| What you should do |
Where the data below begins, start retyping exactly, and end on the line with "Bracelet pour femmes.En", which is included; no picture goes in.

| The data |

◇ ◇ ◇ ◇

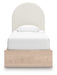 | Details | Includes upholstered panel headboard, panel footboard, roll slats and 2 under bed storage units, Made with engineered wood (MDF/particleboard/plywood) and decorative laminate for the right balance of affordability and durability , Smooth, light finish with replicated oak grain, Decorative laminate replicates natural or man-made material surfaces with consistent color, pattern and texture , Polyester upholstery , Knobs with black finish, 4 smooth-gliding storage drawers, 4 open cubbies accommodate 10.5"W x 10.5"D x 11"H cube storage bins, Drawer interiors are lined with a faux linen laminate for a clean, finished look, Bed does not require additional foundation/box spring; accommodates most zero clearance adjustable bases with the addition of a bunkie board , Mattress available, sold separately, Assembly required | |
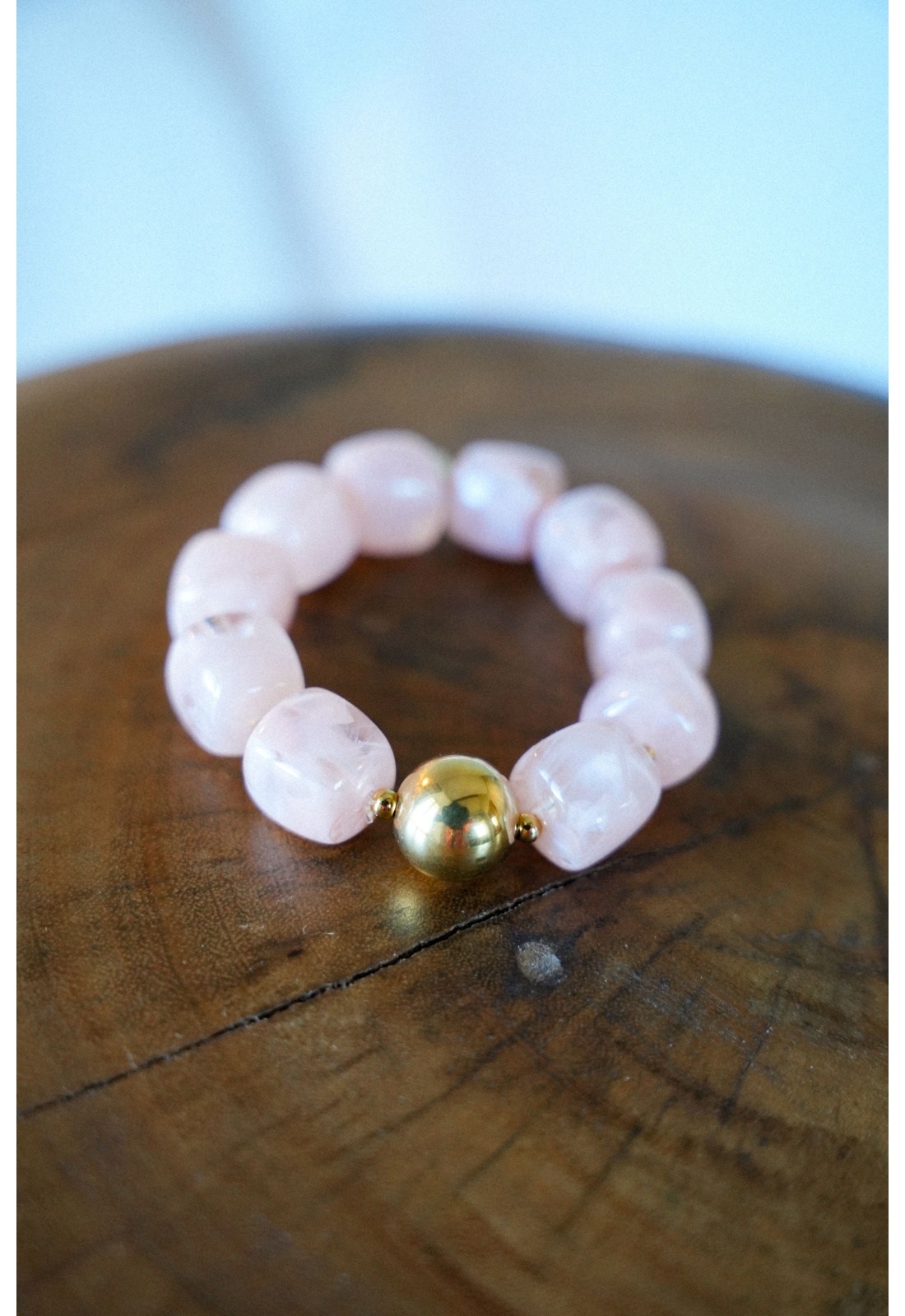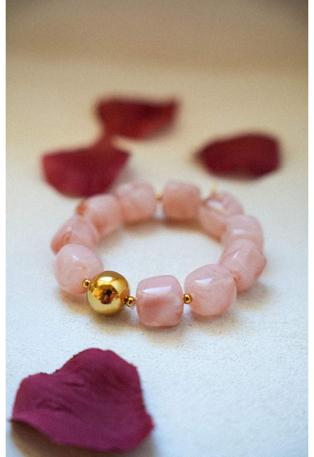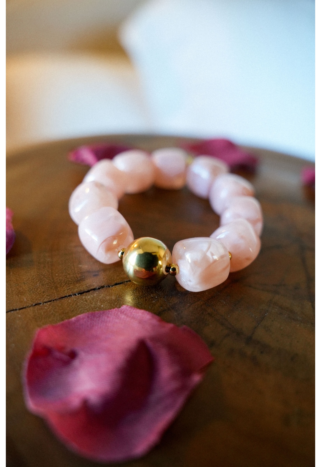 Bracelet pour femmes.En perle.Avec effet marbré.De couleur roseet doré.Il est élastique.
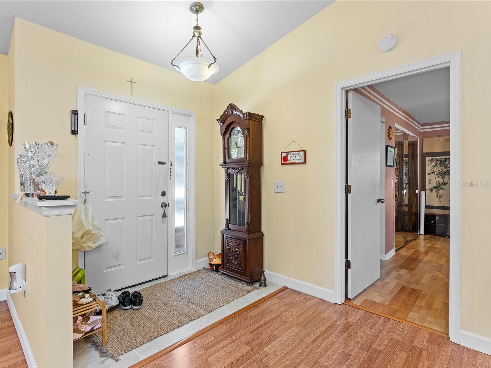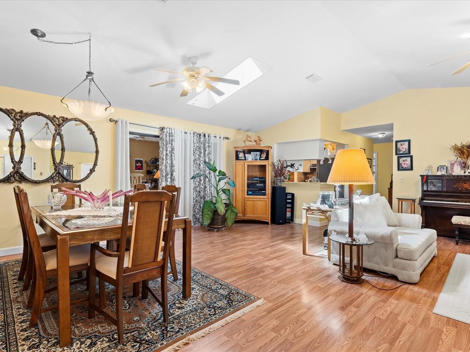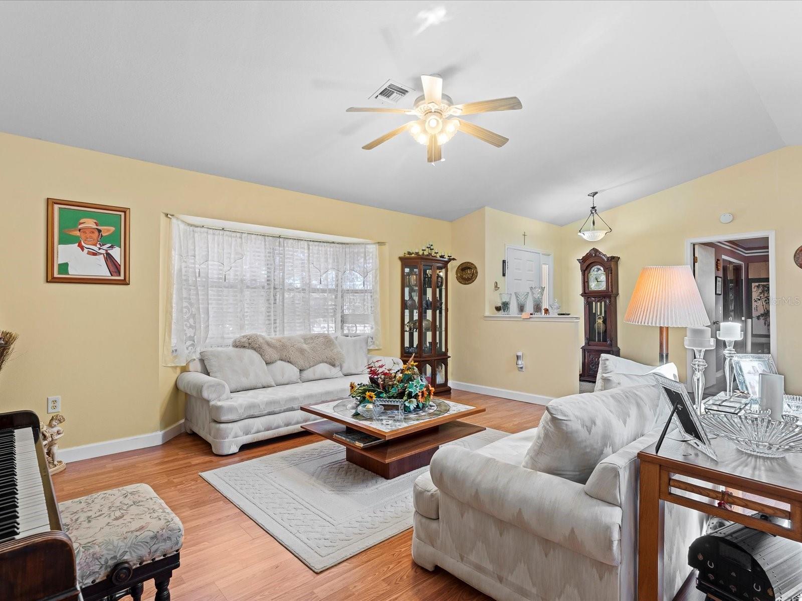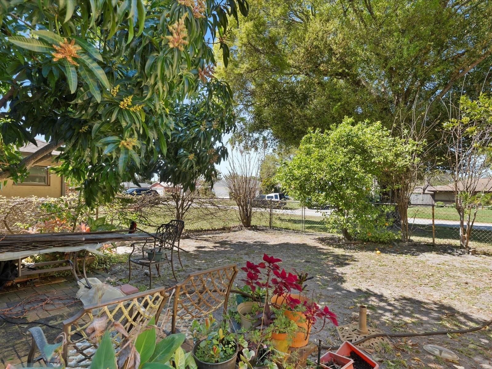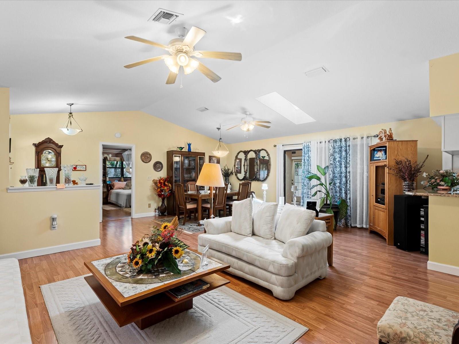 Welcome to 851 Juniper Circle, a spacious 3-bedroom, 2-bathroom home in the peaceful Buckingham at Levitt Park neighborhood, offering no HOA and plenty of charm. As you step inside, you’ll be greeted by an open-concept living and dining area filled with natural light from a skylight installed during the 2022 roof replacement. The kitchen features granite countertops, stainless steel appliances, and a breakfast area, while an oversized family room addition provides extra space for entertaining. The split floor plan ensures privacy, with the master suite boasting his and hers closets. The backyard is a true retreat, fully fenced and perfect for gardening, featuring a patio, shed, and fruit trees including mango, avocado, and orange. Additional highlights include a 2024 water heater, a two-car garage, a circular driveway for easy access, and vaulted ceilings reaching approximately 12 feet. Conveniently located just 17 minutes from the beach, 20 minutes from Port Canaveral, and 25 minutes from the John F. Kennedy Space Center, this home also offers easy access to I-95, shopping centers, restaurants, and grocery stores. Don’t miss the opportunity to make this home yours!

◇ ◇ ◇ ◇

| Output for this exercise |
 | Details | Includes upholstered panel headboard, panel footboard, roll slats and 2 under bed storage units, Made with engineered wood (MDF/particleboard/plywood) and decorative laminate for the right balance of affordability and durability , Smooth, light finish with replicated oak grain, Decorative laminate replicates natural or man-made material surfaces with consistent color, pattern and texture , Polyester upholstery , Knobs with black finish, 4 smooth-gliding storage drawers, 4 open cubbies accommodate 10.5"W x 10.5"D x 11"H cube storage bins, Drawer interiors are lined with a faux linen laminate for a clean, finished look, Bed does not require additional foundation/box spring; accommodates most zero clearance adjustable bases with the addition of a bunkie board , Mattress available, sold separately, Assembly required | |
 Bracelet pour femmes.En perle.Avec effet marbré.De couleur roseet doré.Il est élastique.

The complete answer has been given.